Experiment management for organizing related trials and runs.
class Experiment:
"""
Experiment management for ML workflows.
Parameters:
experiment_name: str - Experiment name (required)
- 1-120 characters
- Alphanumeric, hyphens, underscores
description: Optional[str] - Experiment description
- Maximum 3072 characters
tags: Optional[List[Tag]] - Resource tags
sagemaker_session: Optional[Session] - SageMaker session
Methods:
create(experiment_name, description=None, tags=None, sagemaker_session=None) -> Experiment
Create new experiment.
Parameters:
experiment_name: str - Experiment name (required)
description: Optional[str] - Description
tags: Optional[List[Tag]] - Tags
sagemaker_session: Optional[Session] - Session
Returns:
Experiment: Created experiment
Raises:
ValueError: If experiment_name invalid
ClientError: If experiment already exists
load(experiment_name, sagemaker_session=None) -> Experiment
Load existing experiment.
Parameters:
experiment_name: str - Experiment name (required)
sagemaker_session: Optional[Session] - Session
Returns:
Experiment: Loaded experiment
Raises:
ClientError: If experiment doesn't exist
list(sort_by="CreationTime", sort_order="Descending", max_results=100,
sagemaker_session=None) -> List[Experiment]
List experiments.
Parameters:
sort_by: str - Sort field (default: "CreationTime")
- "CreationTime", "Name"
sort_order: str - Sort order (default: "Descending")
- "Ascending", "Descending"
max_results: int - Maximum results (default: 100, max: 100)

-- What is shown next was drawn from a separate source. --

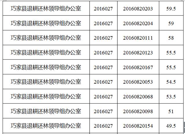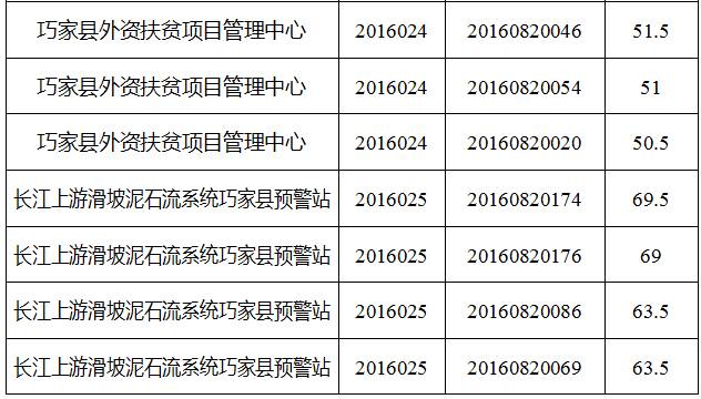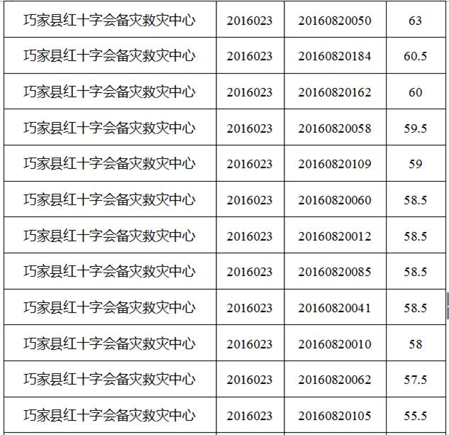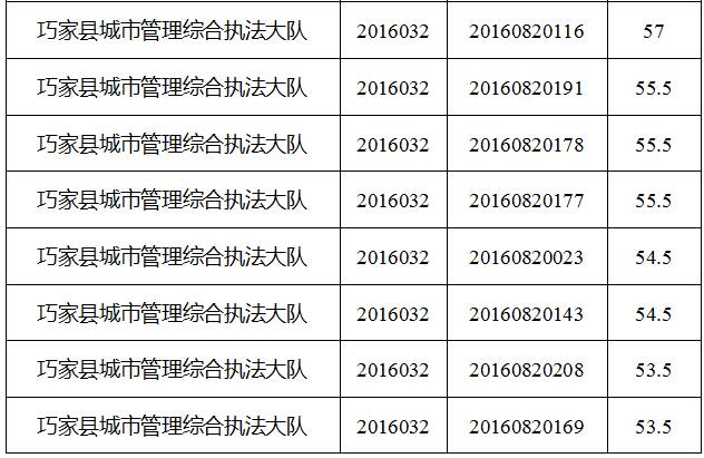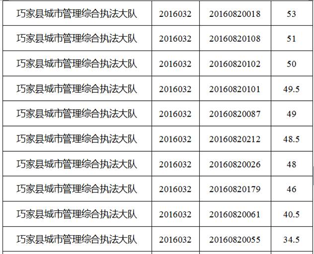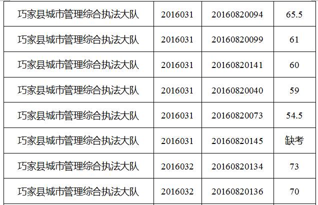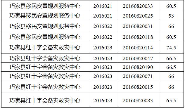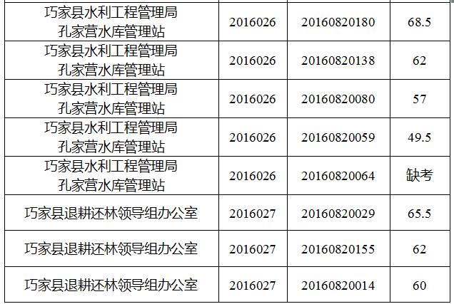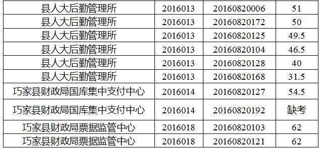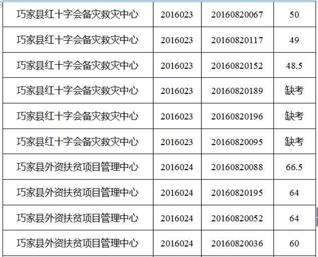 巧家縣縣直機關事業(yè)單位2016年下半年公開選調工作人員筆試工作已經結束,現將筆試成績公告如下:

sagemaker_session: Optional[Session] - Session
Returns:
List[Experiment]: Experiments list
delete() -> None
Delete the experiment.
Raises:
ClientError: If experiment has associated runs (delete runs first)
Attributes:
experiment_name: str - Experiment name
experiment_arn: str - Experiment ARN
description: Optional[str] - Experiment description
creation_time: datetime - Creation timestamp
created_by: Dict - Creator information
last_modified_time: datetime - Last modification timestamp
last_modified_by: Dict - Last modifier information
Notes:
- Experiments organize related runs/trials
- Delete all runs before deleting experiment
- Tags useful for cost tracking and organization
- Cannot rename experiment after creation
"""Usage:
from sagemaker.core.experiments import Experiment
# Create experiment for project
try:
experiment = Experiment.create(
experiment_name="customer-churn-prediction",
description="Experiments for customer churn prediction model",
tags=[
{"Key": "Project", "Value": "CustomerChurn"},
{"Key": "Team", "Value": "DataScience"}
]
)
print(f"Experiment created: {experiment.experiment_arn}")
except ClientError as e:
if e.response['Error']['Code'] == 'ResourceInUse':
print("Experiment already exists, loading...")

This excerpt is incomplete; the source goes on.